California Employers Are Not Required To Reimburse Restaurant Workers For The Cost Of Slip-Resistant Shoes Under Labor Code Section 2802

shutterstock_34577875A recent California Court of Appeal decision, Townley v. BJ’s Restaurants, Inc., has further defined the scope of reimbursable business expenses under California Labor Code section 2802, this time in the context of slip-resistant shoes for restaurant workers.
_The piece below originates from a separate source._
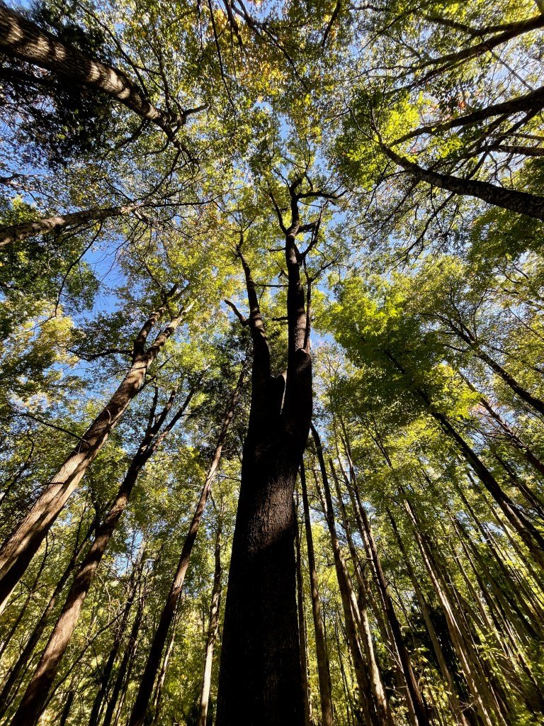 Matt suggested we find an old growth forest area in which to hike, and what a great idea it proved to be. Almost 99 percent of old-growth trees on the East Coast of the United States have been removed. However inside the half million acres of land within the GSMNP, about 100,000 acres of old growth forest can be found scattered about here and there. Most of the time to find these old growth areas, you are going to have to hike for a while to get into the middle of these areas. Matt found an exception, the Chimneys Picnic Area in near Gatlinburg. We hiked almost a mile up the Cove Hardwood Nature Trail, and found ourselves surrounded by a pristine section of old growth forest. Towering hardwoods with their limbs intertwined to shade the floor of the forest and create a canopy was mesmerizing.

A former server filed an action under the California Labor Code Private Attorneys General Act of 2004 (PAGA), seeking civil penalties on behalf of herself and other “aggrieved employees” for California Labor Code violations, including the failure to reimburse the cost of slip-resistant shoes.  Plaintiff alleged a violation of Labor Code section 2802, which requires an employer to reimburse employees for all necessary expenditures incurred by the employee in direct consequence of the discharge of their duties.

Plaintiff argued that, because the restaurant required employees to wear slip-resistant, black, closed-toes shoes for safety reasons, such shoes should be provided free of cost or employees should be reimbursed for their cost.

The Court of Appeal, persuaded by the reasoning in an unpublished Ninth Circuit Court of Appeals decision, Lemus v. Denny’s, Inc., and guidance from the California’s Division of Labor Standards Enforcement (DLSE), held that section 2802 did not require the restaurant employer to reimburse its employees for the cost of slip-resistant shoes.  Specifically, the Court held that the cost of shoes does not qualify as a “necessary expenditure” under section 2802.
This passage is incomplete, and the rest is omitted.